Tuesday, 14 November 2017

Harness the power of text-mining for biomedical discovery: introducing Europe PMC Annotations API

We are excited to announce the launch of Europe PMC Annotations API, which provides programmatic access to annotations text-mined from biomedical abstracts and open access full text articles. The Annotations API is a part of Europe PMC’s programmatic tools suit and is freely available on the Europe PMC website: https://europepmc.org/AnnotationsApi.

The exponential growth in scientific data and scholarly content cannot be addressed by conventional means of information discovery. Text-mining offers a practical solution to scale information extraction and advance biomedical research. However its application is still limited, partially due to the technical know-how needed to set up a text-mining pipeline. Nonetheless, even non-specialists can capitalize on the text-mining outcomes. Making the text-mining outputs openly available can enable a broad audience of researchers and developers to address current challenges in biomedical literature analysis. For that reason, Europe PMC has established a
community annotation platform. It consolidates text-mined annotations from various providers and makes them available both via the Europe PMC website as text highlights using the SciLite application, and now programmatically, with the Europe PMC Annotations API.

What types of annotations are available via the API?

The text-mining platform hosts a variety of annotation types, including the following:
  • Named entities: gene/protein names, organisms, diseases, Gene Ontology terms, chemicals and accession numbers.
  • Biological events: protein phosphorylation
  • Relationships: gene-disease associations
  • Text phrases: GeneRIF (Gene Reference into Function), as well as protein-protein interactions.

The number and diversity of annotation types available to users grows as the new providers join the scheme. Currently annotations are contributed by a number of providers, including Europe PMC’s own text-mining pipeline for named entities, the Swiss Institute of Bioinformatics for gene function annotations, DisGeNET and the Open Targets Platform for gene-disease relations, IntAct for manually curated protein-protein interactions, and NaCTEM for phosphorylation events.

What can you do using the Annotations API?

The Annotations API offers diverse functionality for various user workflows. It is possible to retrieve all mentions of chemical entities found in results section, or recall all articles that discuss involvement of FFA2 protein in diabetes. Users can combine a number of parameters (such as annotation type, annotation provider, or even article section) to specify their query. The filter parameter allows the user to switch between two options: retrieving only specified annotations for each article, or retrieving all the annotations limited to the list of articles that contain the specified annotation. Output formats include XML, ID_LIST, JSON and JSON-LD, which produces a linked data representation of the annotations for annotations exchange across different platforms, making it easier to consume the data.

The following modules are available for the Annotations API:
  • get /annotationsByArticleIds: Get the annotations contained in the list of articles specified by the user. The user can specify article iDs, annotation type, annotation provider, or article section.
  • get /annotationsByEntity: Get the annotations of the articles which have at least one annotation tagging the specified entity (e.g. BRCA1, metformin, or cancer).
  • get /annotationsByProvider: Get the annotations of the articles which have at least one annotation provided by the specified provider (e.g. Open Targets).
  • get /annotationsByRelationship: Get the annotations of the articles which have at least one annotation tagging two specified entities relating to each other (i.e. NRGN-schizophrenia for gene-disease relationship).
  • get /annotationsBySectionAndOrType: Get the annotations of the articles which have at least one annotation of a type inside an article section (e.g. all organisms annotations in “Materials and Methods” section). The user can also choose to specify only the annotation type or only the article section.

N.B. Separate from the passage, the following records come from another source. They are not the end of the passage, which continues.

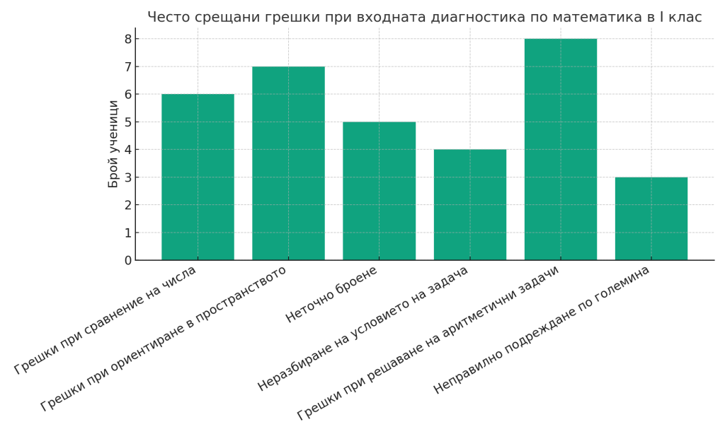 На базата на анализа на резултатите от входната диагностика се откроиха няколко основни групи често срещани грешки:
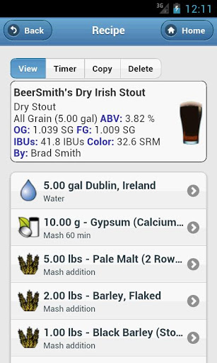 BeerSmith, the top selling home brewing software, comes to Android! BeerSmith Lite lets you search from thousands of beer recipes on our BeerSmithRecipes sharing site, and download and view them on your phone or tablet. The app is also tightly integrated with our desktop software and cloud recipe service, making it a snap to view your recipes on the go. An integrated brew day timer with notifications shows you step by step instructions for your recipes and plays an alarm as each completes. A beer style guide, ingredient reference, set of 7 brewing calculators and unit converters rounds out this great app!
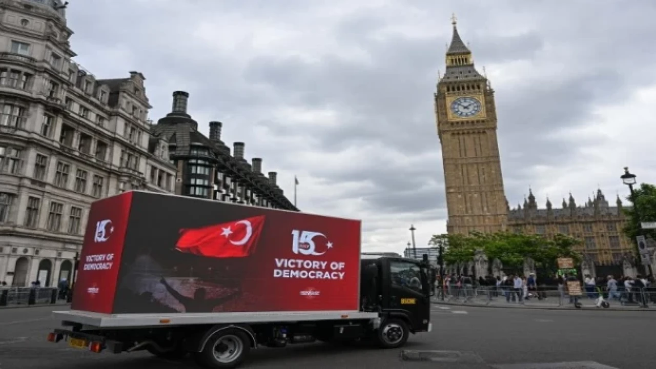 Londra'da Bakanlıklar, devlet kurumları, parlamento ile tarihî ve turistik yapıların bulunduğu bölgelerde dolaşan LED ekranlı araçlar, FETÖ'nün 15 Temmuz darbe girişimini ve Türk halkının buna karşı mücadelesini anlattı.

Advancing science with text-mining

Systematic analysis of research literature offers immense potential for advancing scientific knowledge. However, extracting facts and evidence is a difficult, time-consuming and laborious task. That’s where text-mining comes into play, helping to advance the discovery process. Our goal in developing the Annotations API was to make text-mining outputs available to a wider community of biomedical scientists, and we hope that with this new tool anyone will be able to harness the power of text-mining for the benefit of their own research.